Честертон - не только отец отца Брауна

Крымчанка
Иллюстрация - обложка книги (моя работа) на основе фотографии из Интернета.
Фотография - "Сумерки" (http://www.photosight.ru/photos/5934469/)
Автор - (с) B_Barkow (http://www.photosight.ru/users/441765/)


***

Когда мы слышим имя Гилберта Кийта Честертона, мы всегда вспоминаем его "Рассказы об Отце Брауне" (серия сборников, вышедших в 1911, 1914, 1926, 1927, 1935 годах). Пожалуй, это действительно лучшие из его детективно-приключенческих рассказов. Но Честертон — не только «отец отца Брауна», не только автор множества других детективных и приключенческих историй.

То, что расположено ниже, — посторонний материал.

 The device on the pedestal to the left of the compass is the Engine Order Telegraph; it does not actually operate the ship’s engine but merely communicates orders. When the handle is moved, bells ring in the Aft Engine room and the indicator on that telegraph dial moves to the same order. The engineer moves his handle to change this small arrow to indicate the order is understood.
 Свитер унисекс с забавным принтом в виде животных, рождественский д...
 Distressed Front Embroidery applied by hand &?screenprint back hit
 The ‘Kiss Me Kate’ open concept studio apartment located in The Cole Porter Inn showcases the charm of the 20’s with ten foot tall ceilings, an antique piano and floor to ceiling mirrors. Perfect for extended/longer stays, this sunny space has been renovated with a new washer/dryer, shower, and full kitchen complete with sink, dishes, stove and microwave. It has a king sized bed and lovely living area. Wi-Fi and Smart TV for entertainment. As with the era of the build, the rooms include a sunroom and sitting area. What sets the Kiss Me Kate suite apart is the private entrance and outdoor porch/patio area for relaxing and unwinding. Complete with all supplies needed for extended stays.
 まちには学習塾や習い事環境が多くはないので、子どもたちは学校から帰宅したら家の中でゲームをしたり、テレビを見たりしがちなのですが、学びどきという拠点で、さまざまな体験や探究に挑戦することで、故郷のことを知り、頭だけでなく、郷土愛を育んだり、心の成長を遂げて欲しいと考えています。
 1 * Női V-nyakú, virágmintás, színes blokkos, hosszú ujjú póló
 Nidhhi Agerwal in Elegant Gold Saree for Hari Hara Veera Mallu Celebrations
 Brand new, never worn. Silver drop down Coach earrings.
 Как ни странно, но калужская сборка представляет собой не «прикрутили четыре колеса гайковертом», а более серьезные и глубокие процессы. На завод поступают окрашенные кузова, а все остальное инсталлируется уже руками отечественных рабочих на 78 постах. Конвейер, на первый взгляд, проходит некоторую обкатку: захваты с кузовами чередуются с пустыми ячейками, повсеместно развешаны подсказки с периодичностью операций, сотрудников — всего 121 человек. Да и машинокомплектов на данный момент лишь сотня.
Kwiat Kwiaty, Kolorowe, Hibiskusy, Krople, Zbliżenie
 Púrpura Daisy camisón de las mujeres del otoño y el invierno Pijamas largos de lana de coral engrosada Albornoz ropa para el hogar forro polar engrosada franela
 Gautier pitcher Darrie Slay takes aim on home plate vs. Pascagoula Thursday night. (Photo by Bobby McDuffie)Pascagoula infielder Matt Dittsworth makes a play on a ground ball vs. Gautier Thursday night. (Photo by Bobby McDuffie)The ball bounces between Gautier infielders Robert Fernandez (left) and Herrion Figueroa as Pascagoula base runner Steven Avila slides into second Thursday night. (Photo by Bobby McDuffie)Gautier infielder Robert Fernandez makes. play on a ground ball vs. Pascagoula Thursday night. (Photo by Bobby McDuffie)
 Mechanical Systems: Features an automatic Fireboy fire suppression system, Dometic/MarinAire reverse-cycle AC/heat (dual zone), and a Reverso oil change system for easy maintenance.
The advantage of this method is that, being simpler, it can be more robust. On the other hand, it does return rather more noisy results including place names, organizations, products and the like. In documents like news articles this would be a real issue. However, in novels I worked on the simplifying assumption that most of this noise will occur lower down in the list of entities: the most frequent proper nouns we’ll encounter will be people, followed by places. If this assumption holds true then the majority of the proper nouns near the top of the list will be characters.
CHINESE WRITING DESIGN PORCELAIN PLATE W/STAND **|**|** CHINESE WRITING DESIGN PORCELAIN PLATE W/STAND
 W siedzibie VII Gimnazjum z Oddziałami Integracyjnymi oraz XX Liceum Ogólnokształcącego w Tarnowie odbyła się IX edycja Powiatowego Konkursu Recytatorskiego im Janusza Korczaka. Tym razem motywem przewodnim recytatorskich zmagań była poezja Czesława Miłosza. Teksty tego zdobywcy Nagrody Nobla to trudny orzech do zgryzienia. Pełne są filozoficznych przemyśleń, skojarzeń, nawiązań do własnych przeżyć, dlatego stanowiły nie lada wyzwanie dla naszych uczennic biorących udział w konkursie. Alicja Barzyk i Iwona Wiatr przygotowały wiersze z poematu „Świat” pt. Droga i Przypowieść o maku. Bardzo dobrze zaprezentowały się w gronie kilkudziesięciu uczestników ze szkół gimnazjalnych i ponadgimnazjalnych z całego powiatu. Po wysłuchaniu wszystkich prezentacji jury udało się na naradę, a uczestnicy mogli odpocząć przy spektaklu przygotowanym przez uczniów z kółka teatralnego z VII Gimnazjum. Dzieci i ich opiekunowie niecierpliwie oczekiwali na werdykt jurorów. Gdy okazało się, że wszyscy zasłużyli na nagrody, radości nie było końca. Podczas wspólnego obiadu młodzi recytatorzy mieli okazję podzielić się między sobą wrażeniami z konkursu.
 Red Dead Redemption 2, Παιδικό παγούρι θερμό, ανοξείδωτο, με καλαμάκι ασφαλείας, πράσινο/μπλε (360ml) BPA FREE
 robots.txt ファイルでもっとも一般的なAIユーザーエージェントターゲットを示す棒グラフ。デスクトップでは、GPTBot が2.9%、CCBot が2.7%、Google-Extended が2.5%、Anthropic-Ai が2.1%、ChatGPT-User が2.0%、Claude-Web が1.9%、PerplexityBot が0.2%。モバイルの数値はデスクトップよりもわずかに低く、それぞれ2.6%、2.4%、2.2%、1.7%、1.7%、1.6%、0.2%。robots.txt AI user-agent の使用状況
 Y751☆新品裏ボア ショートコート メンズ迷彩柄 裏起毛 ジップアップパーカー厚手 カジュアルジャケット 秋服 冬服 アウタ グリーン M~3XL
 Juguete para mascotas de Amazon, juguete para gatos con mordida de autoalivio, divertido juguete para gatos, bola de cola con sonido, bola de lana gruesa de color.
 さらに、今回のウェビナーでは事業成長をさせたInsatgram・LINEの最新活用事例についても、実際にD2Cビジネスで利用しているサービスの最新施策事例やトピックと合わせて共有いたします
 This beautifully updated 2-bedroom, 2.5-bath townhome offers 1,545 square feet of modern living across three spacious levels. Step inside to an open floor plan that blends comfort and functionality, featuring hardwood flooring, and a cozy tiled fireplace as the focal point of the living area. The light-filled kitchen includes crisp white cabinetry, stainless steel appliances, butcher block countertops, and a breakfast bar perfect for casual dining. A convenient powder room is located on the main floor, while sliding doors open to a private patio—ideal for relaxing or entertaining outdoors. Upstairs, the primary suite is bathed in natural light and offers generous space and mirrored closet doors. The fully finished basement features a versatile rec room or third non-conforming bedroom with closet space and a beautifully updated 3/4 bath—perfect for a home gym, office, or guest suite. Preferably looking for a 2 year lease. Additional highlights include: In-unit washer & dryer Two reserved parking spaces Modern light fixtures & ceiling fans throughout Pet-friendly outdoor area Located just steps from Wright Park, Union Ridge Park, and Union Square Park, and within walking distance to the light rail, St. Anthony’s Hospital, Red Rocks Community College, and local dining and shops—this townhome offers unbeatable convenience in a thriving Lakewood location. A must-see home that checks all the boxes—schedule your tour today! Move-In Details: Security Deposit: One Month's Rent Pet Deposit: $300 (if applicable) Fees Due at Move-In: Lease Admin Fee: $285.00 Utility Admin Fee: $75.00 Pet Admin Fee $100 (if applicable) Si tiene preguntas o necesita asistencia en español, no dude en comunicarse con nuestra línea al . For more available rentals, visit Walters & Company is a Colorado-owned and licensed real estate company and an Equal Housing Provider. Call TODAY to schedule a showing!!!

Его основной профессией была журналистика. Честертон — автор нескольких десятков эссе, остроумных и часто философских, но лёгких, как приключенческий рассказ.

Я хочу рассказать о двух его книгах, которые недавно прочитала — "Человек, который знал слишком много" и "Клуб удивительных промыслов".

***

Про Отца Брауна сказано много и хорошо — он давно заслужил любовь множества читателей. Поэтому я расскажу о том, о ком говорится гораздо меньше, но который заслуживает не меньшего внимания — о Хорне Фишере, главном герое сборника рассказов "Человек, который знал слишком много" (1922 год).

Начну с цитаты:
«Сэр Генри Гарленд Фишер занимал в министерстве иностранных дел какой-то пост, куда более важный, чем пост министра. Видимо, так уж повелось в семье; к примеру, второй брат, Эштон Фишер, занимал в Индии пост, пожалуй, более важный, чем пост вице-короля. Сэр Генри Фишер держался очень вежливо, но тем не менее Марчу показалось, что он смотрит сверху вниз не только на него, но и на собственного брата (Хорна Фишера). Последний, надо сказать, чутьем угадывал чужие мысли и сам завел об этом речь, когда они вышли из высокого дома на одной из фешенебельных улиц.
     - Как, разве вы не знаете, что в нашей семье я дурак? - спокойно промолвил он.
     - Должно быть, у вас очень умная семья, - с улыбкой заметил Марч.
     - Вот она, истинная любезность! - отозвался Фишер - Полезно получить литературное образование. Что ж, пожалуй, "дурак" слишком сильно сказано. Я в нашей семье банкрот, неудачник, "белая ворона".»

Почему-то вспомнилось начало русской сказки: "У старинушки три сына: старший умный был детина; средний сын — и так, и сяк; младший вовсе был дурак." Такого мнения придерживаются все, и у них есть на то основания, пока жизнь идёт своим чередом, без особых волнений; но когда происходят события нестандартные, необычные и трудные, выясняется, что какими бы умными ни были старшие братья, именно тот, кого считали дураком, оказался самым толковым человеком во всём семействе.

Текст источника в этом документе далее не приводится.